Member of Maharashtra Legislative Assembly
- In office (2019–2024)
- Preceded by: Shivaji Bhanudas Kardile
- Succeeded by: Shivaji Bhanudas Kardile
- Constituency: Rahuri

Personal details
- Born: 13 September 1976 (age 50) At.Rahuri, Dist.Ahmednagar district
- Party: Bharatiya Janata Party (May 2026–Present)
- Other political affiliations: Nationalist Congress Party (Until 2026)
- Spouse: Smt. Sonali Prajakt Tanpure
- Parents: Prasad alias Bapusaheb Tanpure (father); Smt. Usha Prasad Tanpure (mother);
- Education: Post Graduate – M.S. From University of Tulsa, Oklahoma, United States of America, Year-2003 & B.E. Mechanical From Pune University Year 2000
- Occupation: Farmer and businessman

= Prajakt Tanpure =

Indian politician

Prajakt Prasadrao Tanpure (born 13 September 1976) is an Indian politician from the state of Maharashtra.

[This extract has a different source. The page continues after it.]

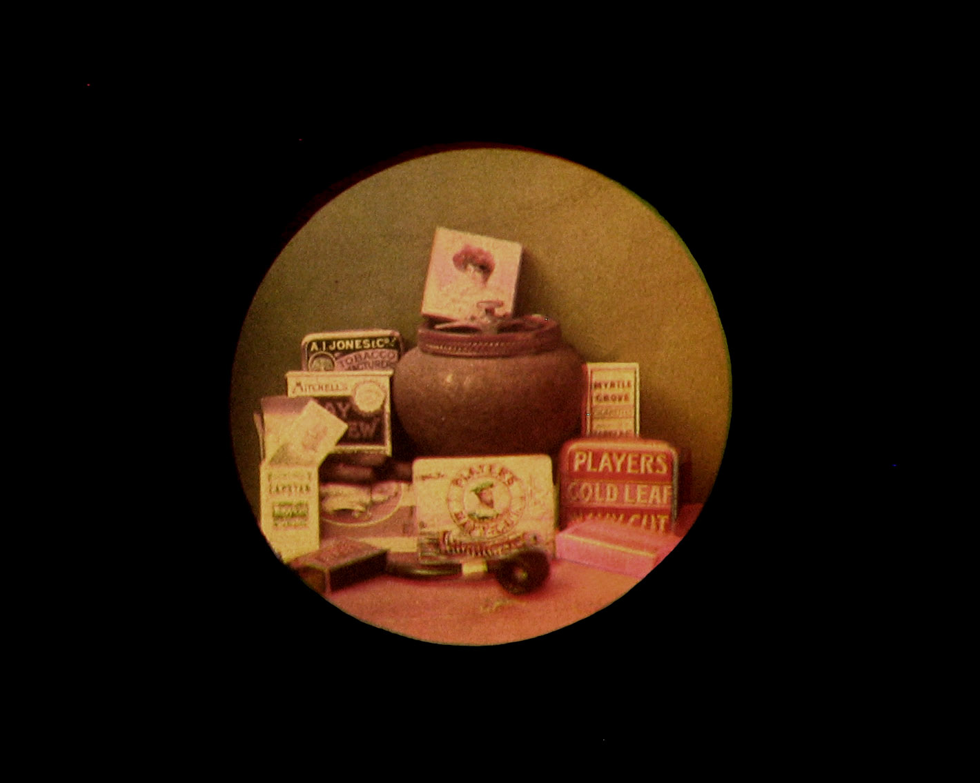 Ives made his exposures using a camera of his own design. This made three separate exposures on the same plate through orange red, violet blue and green filters. The negatives were developed and then contact printed onto a second plate to produce a silver bromide positive image. These three positives were cut apart and carefully mounted in a wood frame for inserting into a special three lens projector fitted with the three color filters. The Ives projector was a didactic tool; adjustable to allow separation or coincidence the images by the movement of a lever.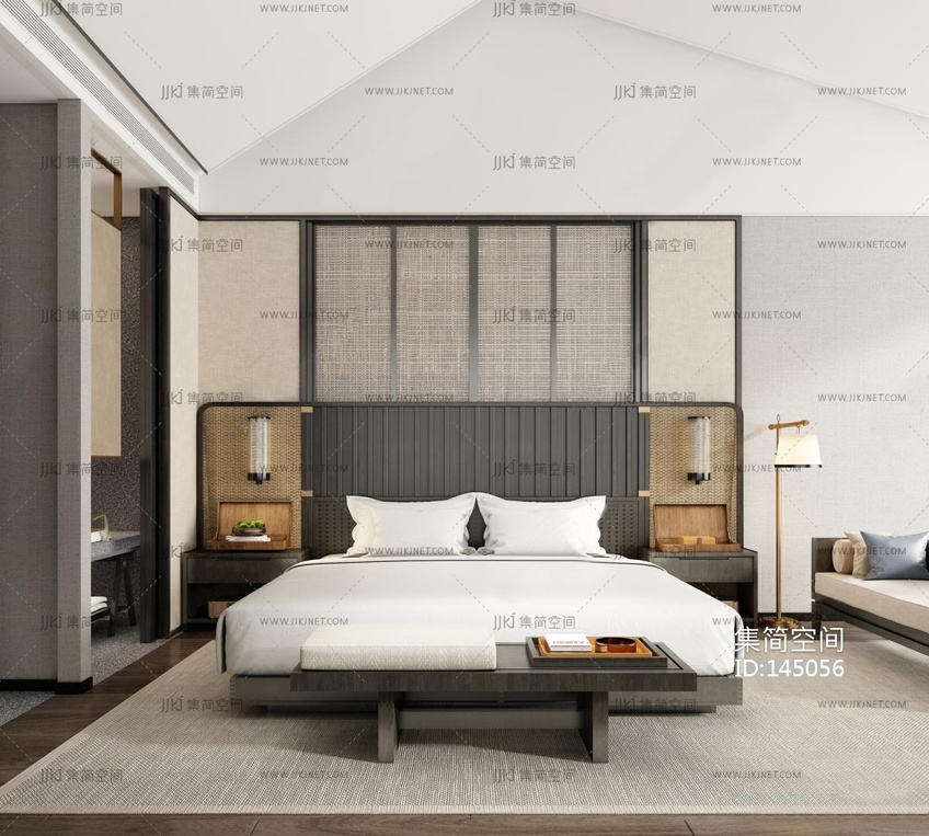 新中式酒店客房 3d模型下载 [模型ID:145056]

Prajakt Tanpure was elected as member of the 14th Maharashtra Legislative Assembly in Vidhan Sabha Elections 2019. He represents the Rahuri-Nagar- Pathardi constituency from 2019 to 2024. He joined the Bharatiya Janata Party in 2026.

==Personal life==
He is the nephew of former minister in the Maharashtra government and senior Nationalist Congress Party leader Jayant Patil.